Ему любопытно было наблюдать, как она скажется: трепетом, мерцанием взгляда или окаменелым безмолвием.

А ничего этого не было. Вера явилась тут еще в новом свете. В каждом ее взгляде и слове, обращенном к Тушину, Райский заметил прежде всего простоту, доверие, ласку, теплоту, какой он не заметил у ней

в обращении ни с кем, даже с бабушкой и Марфинькой.

Бабушки она как будто остерегалась, Марфинькой немного пренебрегала, а когда глядела на Тушина, говорила с ним, подавала руку – видно было, что они друзья.

В ней открыто высказывалась та дружба, на которую намекала она и ему, Райскому, и которой он добивался и не успел добиться.

Чем же добился ее этот лесничий? Что их связывает друг с другом? Как они сошлись? Сознательно ли, то есть отыскав и полюбив один в другом известную сумму приятных каждому свойств, или просто угадали взаимно характеры и бессознательно, без всякого анализа, привязались один к другому?

Три дня прожил лесничий по делам в городе и в доме Татьяны Марковны, и три дня Райский прилежно искал ключа к этому новому характеру, к его положению в жизни и к его роли в сердце Веры.

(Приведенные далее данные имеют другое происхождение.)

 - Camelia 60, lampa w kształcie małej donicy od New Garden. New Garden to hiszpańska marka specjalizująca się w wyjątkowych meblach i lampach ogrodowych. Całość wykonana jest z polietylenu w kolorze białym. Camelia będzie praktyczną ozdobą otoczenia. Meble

Ивана Ивановича «лесничим» прозвали потому, что он жил в самой чаще леса, в собственной усадьбе, сам занимался с любовью этим лесом, растил, холил, берег его, с одной стороны, а с другой – рубил, продавал и сплавлял по Волге. Лесу было несколько тысяч десятин, и лесное хозяйство устроено и ведено было с редкою аккуратностью; у него одного в той стороне устроен был паровой пильный завод, и всем заведывал, над всем наблюдал сам Тушин.

В промежутках он ходил на охоту, удил рыбу, с удовольствием посещал холостых соседей, принимал иногда у себя и любил изредка покутить, то есть заложить несколько троек, большею частию горячих лошадей, понестись с ватагой приятелей верст за сорок к дальнему соседу и там пропировать суток трое, а потом с ними вернуться к себе или поехать в город, возмутить тишину сонного города такой громадной пирушкой, что дрогнет всё в городе, потом пропасть месяца на три у себя, так что о нем ни слуху ни духу.

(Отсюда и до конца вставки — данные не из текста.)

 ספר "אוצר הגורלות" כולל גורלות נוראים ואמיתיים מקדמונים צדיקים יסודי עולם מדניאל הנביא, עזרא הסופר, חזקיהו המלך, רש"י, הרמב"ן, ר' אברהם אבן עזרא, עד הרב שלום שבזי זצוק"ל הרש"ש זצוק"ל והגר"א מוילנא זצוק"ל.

Там он опять рубит и сплавляет лес, или с двумя егерями разрезывает его вдоль и поперек, не то объезжает тройки купленных на ярмарке новых лошадей, или залезет зимой в трущобу леса и выжидает медведя, колотит волков.

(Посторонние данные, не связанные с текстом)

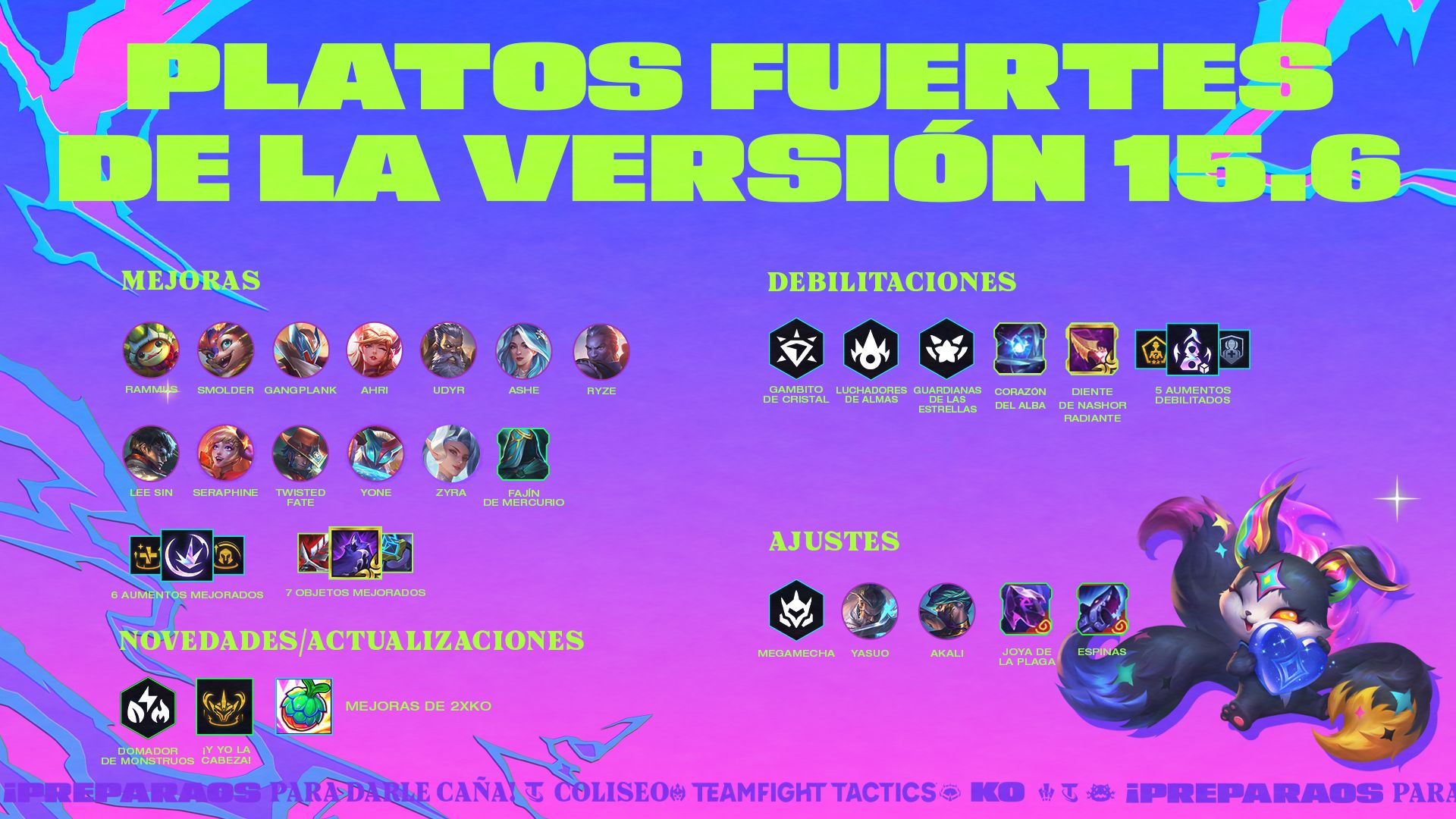 En la versión 15.6, traemos poderosas mejoras para las unidades de coste 5, debilitaciones a atributos y mejoras a los carries que se están quedando atrás, ¡y eso es todo en cuanto al equilibrio del juego! También tenemos nuevas mejoras que llegan a la Convergencia para celebrar el acceso anticipado de 2XKO. Tanto si queréis ser un Dúo dinámico en Double Up o llegar hasta el Crux de El ascenso de Ao Shin, ¡haceos con estas nuevas mejoras! Aprovechamos para recordaros que debéis llegar a la cima con 12 guías al final de la versión para conseguir el portal gratis.

Не раз от этих потех Тушин недели по три лежал с завязанной рукой, с попорченным ухарской тройкой плечом, а иногда исцарапанным медвежьей лапой лбом.

Но ему нравилась эта жизнь, и он не покидал ее. Дома он читал увражи по агрономической и вообще по хозяйственной части, держал сведущего немца, специалиста по лесному хозяйству, но не отдавался ему в опеку, требовал его советов, а распоряжался сам, с помощию двух приказчиков и артелью своих и нанятых рабочих. В свободное время он любил читать французские романы: это был единственный оттенок изнеженности в этой, впрочем обыкновенной, жизни многих обитателей наших отдаленных углов.

Райский узнал, что Тушин встречал Веру у священника и даже приезжал всякий раз нарочно туда, когда узнавал, что Вера гостит у попадьи. Это сама Вера сказывала ему. И Вера с попадьей бывали у него в усадьбе, прозванной «Дымок», потому что издали, с горы, в чаще леса, она только и подавала знак своего существования выходившим из труб дымом.

Тушин жил с сестрой, старой девушкой, Анной Ивановной – и к ней ездили Вера с попадьей. Эту же Анну Ивановну любила и бабушка; и когда она являлась в город, то Татьяна Марковна была счастлива.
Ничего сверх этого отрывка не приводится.